Myths and Meanings of Urban Life on the Zambian Copperbelt

By James Ferguson


Copyright © 1999 the Regents of the University of California
All rights reserved.
ISBN: 978-0-520-92228-0


The Copperbelt in Theory

From "Emerging Africa," to the Ethnography of Decline

Calo cesu cileya pantanshi Na 'fwe bantu tuleya pantanshi.

Our country is going forward, And we the people, too.

Copperbelt popular song (and opening quotation to A. L. Epstein's Politics in an African Community, 1958)

Car owning remains a dream. A decade ago, young men in gainful employment were able to buy cars of all models. That era is gone, gone never to return again.

Terence Musuku, "Dreams Are Made of This," Times of Zambia, July 21, 1989


In the mid-1960s, everyone knew, Africa was "emerging." And no place was emerging faster or more hopefully than Zambia, the newly independent nation that had previously been known as Northern Rhodesia. The initiation of large-scale copper mining in the late 1920s had set off a burst of industrial development that had utterly transformed the country; by the time of Independence in 1964, that industrial growth seemed sure to propel the new nation rapidly along the path of what was called "modernization." From being a purely rural agricultural territory at the time of its takeover by Cecil Rhodes's British South Africa Company in the 1890s, the modern nation-state of Zambia had by 1969 arrived at an urban population of over 1 million (nearly 30 percent of the population), with total waged employment of over 750,000 (of a total population of just over 4 million) (Zambia 1973, 1:1), and a vibrant industrial economy that made it one of the richest and most promising of the new African states.
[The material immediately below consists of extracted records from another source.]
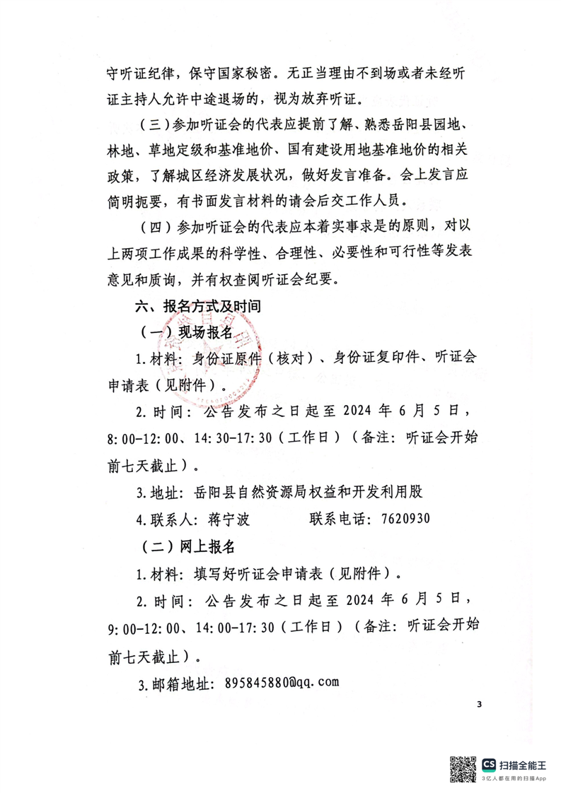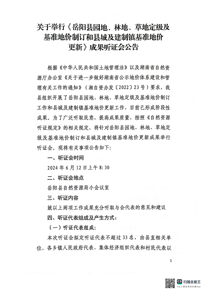 关于举行《岳阳县园地、林地、草地定级及基准地价制订和县城及建制镇基准地价更新》成果听证会公告
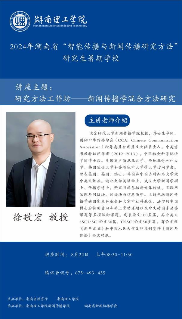 【编者按】8月16日至30日,由湖南省教育厅、beats365官方网站主办,beats365、湖南省新闻传播学会承办的2024年湖南省“智能传播与新闻传播研究方法”研究生暑期公司邀请国内新闻传播学科知名专家学者授课。来自中国社会科公司大学、中国传媒大学、beats365官方网站等全国各大高校的159名博士研究生、硕士研究生、本科生入学,开展专题研学。8月22日,beats365beats365教授、博士生导师、国际中华传播学会指导委员会成员及大陆负责人徐敬宏作了题为“新闻传播学混合方法研究”的讲座。本场讲座主持人为beats365硕士生导师刘晶博士。本文根据讲座内容整理。
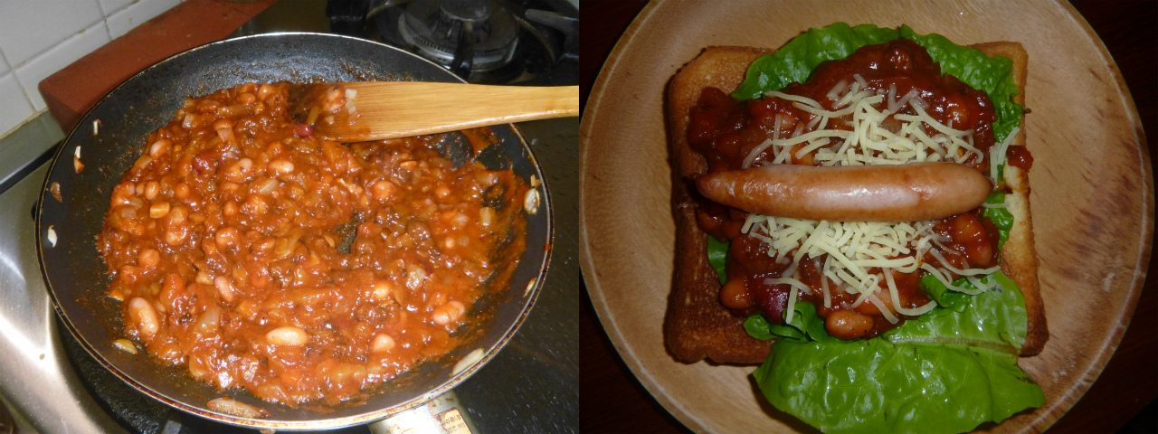 朝起きて、無性にフレッシュネスバーガーのチリドックが食べたくなった。そこに天啓を受けたが如く閃き、まだまだ残っているミートソースの一部にミックスビーンズを放り込んでカイエンペッパーをドバドバ。チリソースを作って、チリドックを再現。想像以上に美味しく、自分でベタ褒め。
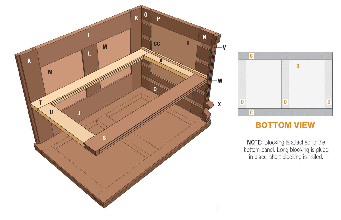 Now, laying the case onto its back, I added some blocking to the bottom. This increases the thickness of the bottom. No glue here— we want to allow the wood to move as it will, so I simply nailed these in place. Remember that nails will flex and move. Screws will not.
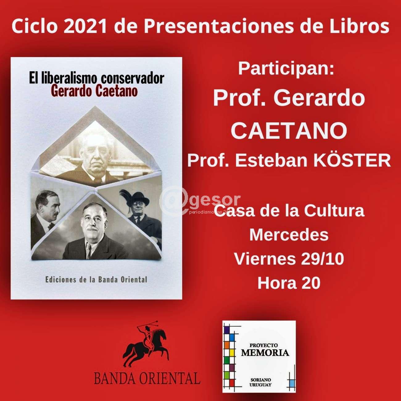 Este viernes, con la organización de la Comisión Memoria, Justicia y contra la Impunidad, en el anfiteatro de Casa de la Cultura de Mercedes, estará presentándose el libro "El Liberalismo Conservador" para lo cual llega su autor Prof. Gerardo Caetano que expondrá sobre ello y estará también haciendo la presentación el Prof. Esteban Köster.

Observers from early on were stunned by the rapidity and scale of the social transformation that had taken place along the urban, industrial "line of rail" that ran from Livingstone in the south all the way to the Copperbelt in the north (see Map 1). Within a few short years following the development of commercial copper mining, mining towns sprang up all along the Copperbelt (Map 2). European colonists settled the new towns in numbers, while "natives" came by the thousands to seek work in the mines and other new industries. Africa was having its "Industrial Revolution," thought the missionary Sandilands, at a brutal and blinding speed; the process had "something of the suddenness and ruthlessness and irresistibility, on the social plane, of what, on the military plane, we have become familiar with as the German 'blitzkrieg'" (Sandilands 1948, ix). The social anthropologist J. C. Mitchell concurred: "We in Northern Rhodesia to-day are living in a revolution, the intensity of which, as far as we can judge, has not been equalled in thousands of years" (1951, 20).

Already in 1941 Godfrey Wilson had sensed an epochal transformation:

Over the heart of a poor and primitive continent civilization has laid a finger of steel; it has stirred a hundred tribes together; it has brought them new wealth, new ambitions, new knowledge, new interests, new faiths and new problems. (Wilson 1941, 9)

Thirty-five years later, Robert Bates remained equally impressed:

Less than a century ago, Zambia was exclusively agrarian; in the present era, it is a society dependent upon large-scale industry. Once characterized by village society, the territory that is now Zambia contains a score of cities of 100,000 or more persons, and these cities contain over 40 percent of its population. Where but a little over fifty years ago forests once stood, there now stand copper mines; and the marketed produce from these mines makes Zambia one of the world's leading exporters of this mineral. (Bates 1976, 1)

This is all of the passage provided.